Here, the function is anonymous and its implementation is included in the JavaScript call to the remoted Java method. One advantage here is that it is easy to read the code, and the code is executed immediately after we get the return value from the Java method. The other advantage is that we can add extra options to the call.

Extra options include timeout and error handler as shown in the following example:

CountryDB.saveCountryNotes(ccode,newNotes, {
//function body here
errorHandler:function(errorMsg) { alert(errorMsg);}

It is also possible to add a callback function to those Java methods that do not return a value. Adding a callback to methods with no return values would be useful in getting a notification when a remote call has been completed.

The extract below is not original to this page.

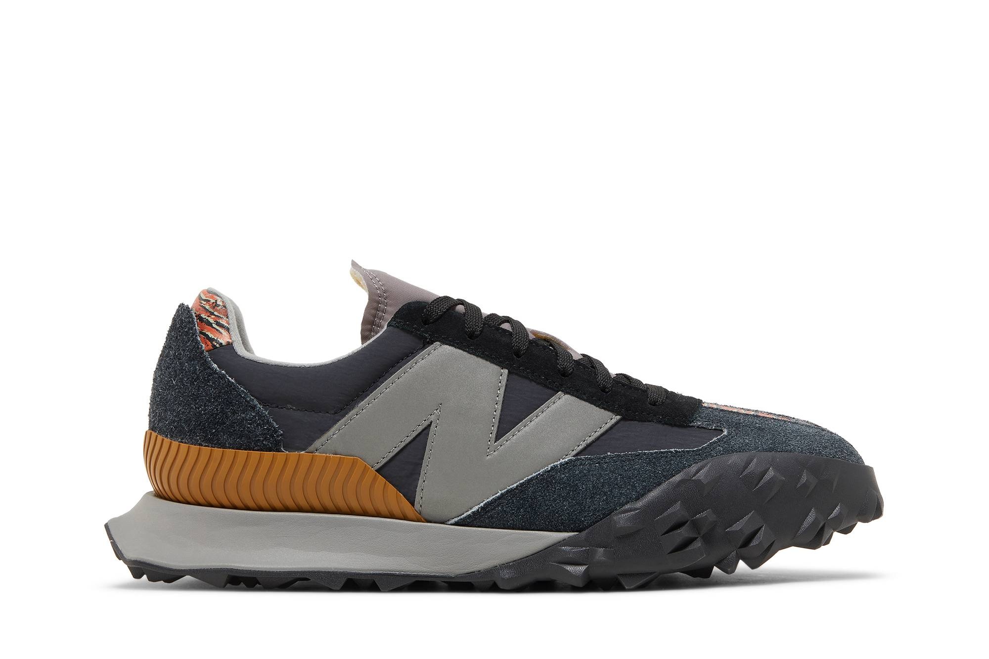 The New Balance XC-72 ‘Chinese New Year’ rings in the year of the tiger with a unique design featuring neutral earth tones and vibrant graphics. The latter takes the form of a tiger camo print in bright crimson on the heel tab and toe box. The rest of the upper pairs mismatched paneling in beige mesh and charcoal textile, the latter accented with a reflective ‘N’ logo in light grey. A lightweight EVA midsole is wrapped up by a vertically split rubber outsole, highlighted by the XC15’s ‘gripper’ tread and the 375’s studded pattern. UPPER MATERIAL Suede

Our first sample is ready, and it is also the basis for the following samples. We also looked at how applications are tested in the Eclipse environment. Using DWR, we can look at JavaScript code on the browser and Java code on the server as one. It may take a while to get used to it, but it will change the way we develop web applications. Logically, there is no longer a client and a server but just a single run time platform that happens to be physically separate. But in practice, of course, applications using DWR, JavaScript on the client and Java in the server, are using the typical client-server interaction. This should be remembered when writing applications in the logically single run-time platform.


This article provided samples for a couple of common tasks that are used in web development: tables and lists, field completion, and even a generic frame, called a dynamic user interface, for our sample code. We mainly focused on creating a dynamic user interface in this part. In the next part, we will implement Tables, List, and Field Completion.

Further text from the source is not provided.